## Exercise
Repeat the data as given. Images do not go in the copy.

## Source material
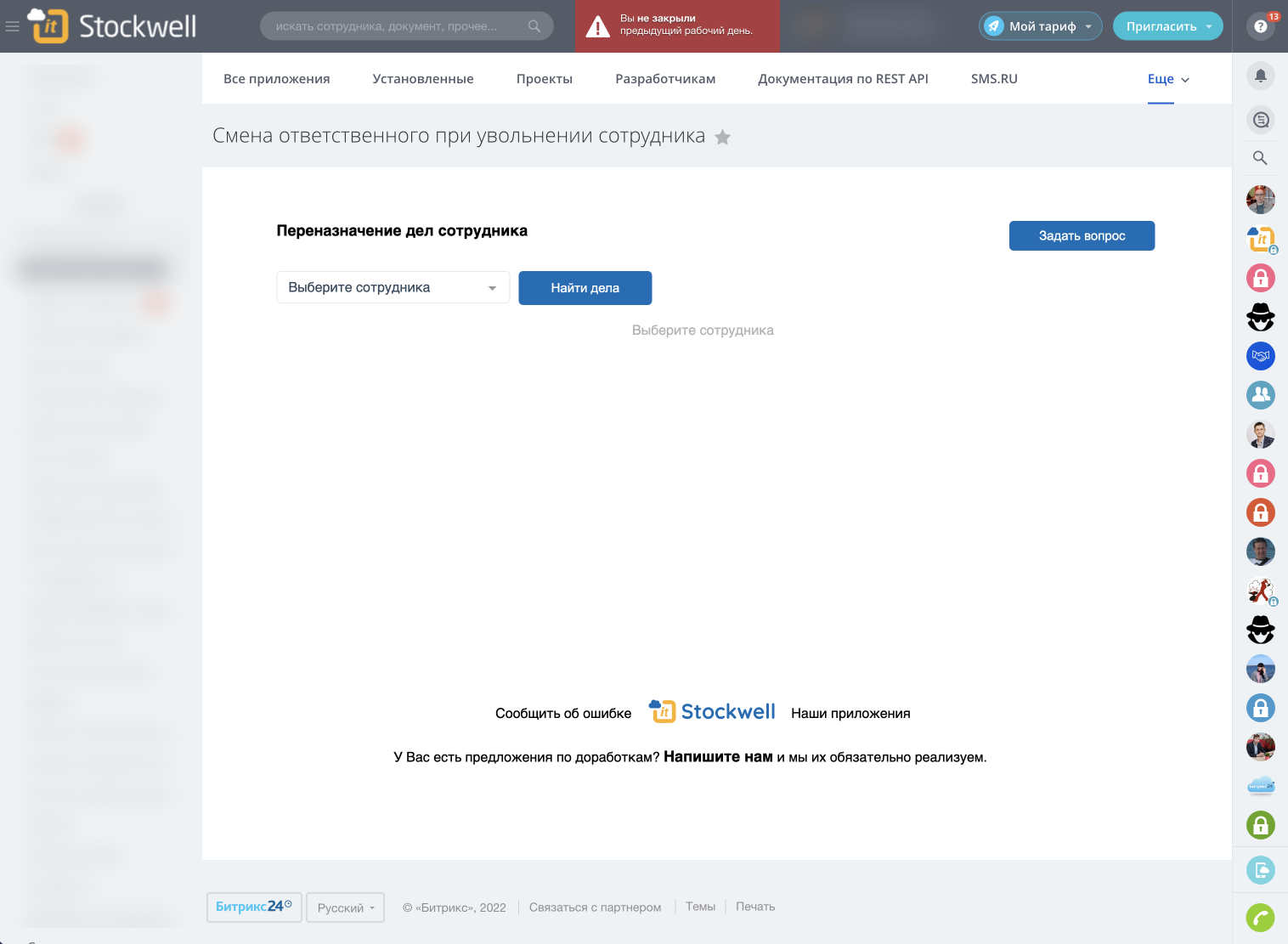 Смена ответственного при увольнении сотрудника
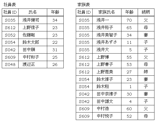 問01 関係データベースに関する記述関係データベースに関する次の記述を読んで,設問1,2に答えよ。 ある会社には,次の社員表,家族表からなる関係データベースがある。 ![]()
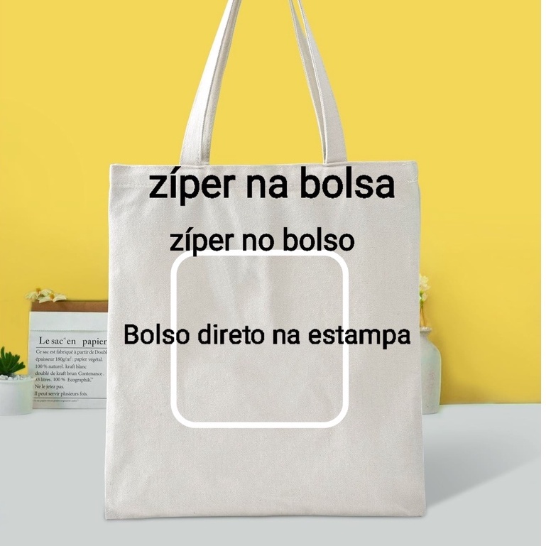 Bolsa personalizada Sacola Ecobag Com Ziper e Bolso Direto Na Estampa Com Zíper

## Your response
 Смена ответственного при увольнении сотрудника
 問01 関係データベースに関する記述関係データベースに関する次の記述を読んで,設問1,2に答えよ。 ある会社には,次の社員表,家族表からなる関係データベースがある。 ![]()
 Bolsa personalizada Sacola Ecobag Com Ziper e Bolso Direto Na Estampa Com Zíper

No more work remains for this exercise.